4.1    Verweerder heeft betwist dat hij opzettelijk een onjuiste voorstelling van zaken zou hebben geven. Hij heeft gesteld dat hij de belangen van zijn cliënt heeft behartigd en diens standpunt, hetgeen naar zijn weten ook niet kennelijk onjuist is, correct heeft weergegeven.

5    BEOORDELING

5.1    De klacht betreft het handelen van verweerder in zijn hoedanigheid van advocaat van de wederpartij van klager. De raad oordeelt dat de voorzitter in haar beoordeling de juiste maatstaf heeft toegepast, in die zin dat de advocaat een grote vrijheid toekomt de belangen van zijn cliënt te behartigen op de wijze die hem passend voorkomt. Die vrijheid mag niet worden beknot ten gunste van de tegenpartij, tenzij diens belangen nodeloos en op ontoelaatbare wijze door het optreden van de advocaat zouden worden geschaad.

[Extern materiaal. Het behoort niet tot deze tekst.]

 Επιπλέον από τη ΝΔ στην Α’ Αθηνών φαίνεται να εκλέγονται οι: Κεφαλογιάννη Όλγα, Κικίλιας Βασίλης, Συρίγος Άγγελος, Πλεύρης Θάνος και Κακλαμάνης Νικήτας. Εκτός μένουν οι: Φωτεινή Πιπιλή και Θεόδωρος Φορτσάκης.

5.2    Naar het oordeel van de raad kunnen de door klager aangevoerde gronden van verzet niet slagen en heeft de voorzitter de klacht terecht kennelijk ongegrond bevonden.

BESLISSING

De raad van discipline:

-    verklaart het verzet ongegrond.

Aldus beslist door mr. M.P.J.G. Göbbels, voorzitter, mrs. T. Hordijk en P.C.M. van Schijndel, leden, bijgestaan door mr. K.N. Schuurmans-van Erkel als griffier en uitgesproken ter openbare zitting van 29 augustus 2016.

Griffier    Voorzitter

Deze beslissing is in afschrift op 29 augustus 2016 verzonden.